The Kalamazoo Secondary hosted two pairs of trains to Grand Rapids into the early 80s after traffic from the GR&I was rerouted through Elkhart. One pair to Chicago and one pair only to Elkhart. A duplicate route was made available between Kalamazoo and Three Rivers by using the Air Line and GR&I through the PC era. The diamond and switch for the east end of the siding at Wasepi were removed and the siding tied into the GR&I going north. Prior to that there was EK1/KE2 operating between Kalamazoo and Elkhart, which was the only road train south of Kalamazoo. I imagine this was discontinued when they began operating IGT/GTI between Elkhart and Jackson via Kalamazoo. During the PC era TV16 ran from Kalamazoo Mosel Yd to the east coast, and less frequently TV15 in the opposite routing. After through traffic was removed from the Air Line, the passing siding was put in just north of Three Rivers and through traffic to points east of Jackson began running north to Kalamazoo and east on the Michigan Line. For a short while around 1982 Conrail ran KZLA/LAKZ between Kalamazoo and Lansing shuttling autoparts.

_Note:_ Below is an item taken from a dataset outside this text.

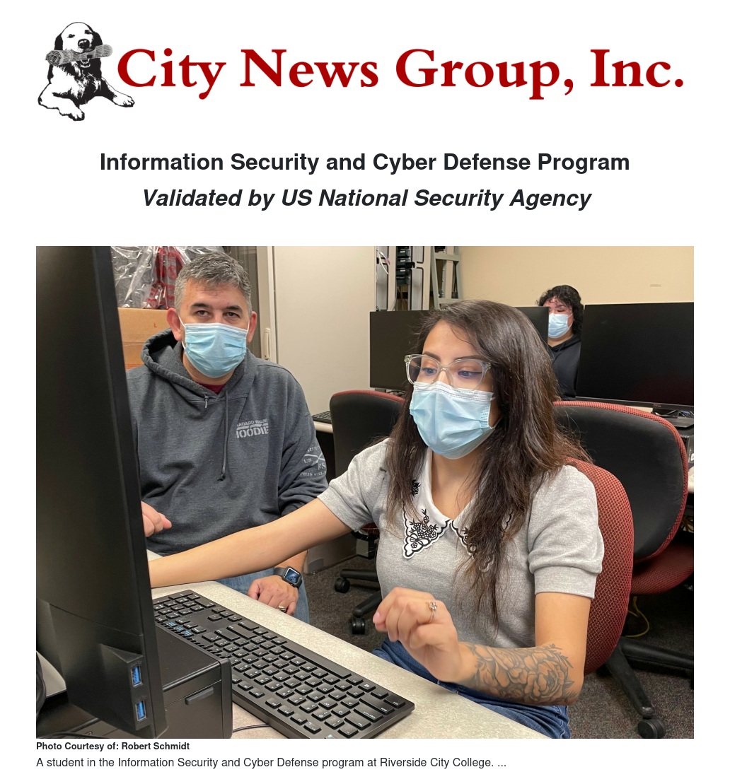 Riverside City College’s Information Security and Cyber Defense program has achieved CAE-CD validation from the National Science Agency (NSA) and Department Homeland Security (DHS).
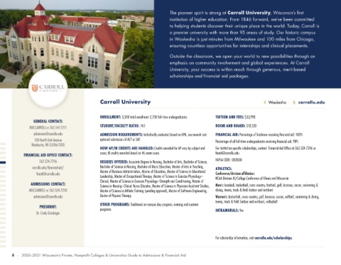 8 - 2020–2021 Wisconsin’s Private, Nonprofit Colleges & Universities Guide to Admissions & Financial Aid

After the original Air Line portion of the Elkhart Branch was downgraded/CTC deactivated, the portion of the Elkhart Branch from Elkhart to Three Rivers became the Kalamazoo Branch, the former Air Line between Three Rivers and Wasepi (along with the GR&I from Wasepi to Mendon) became the Mendon Secondary, and Wasepi to Jackson became the Wasepi Secondary.
I don't think it was until the late 80s/early 90s that Conrail settled on the three pairs of road trains operating east of Kalamazoo. Based mostly on train movement sheets I have, in the 80s it seems the road trains were run less regularly/frequently than in the 90s, although INGT was daily and often had an extra section.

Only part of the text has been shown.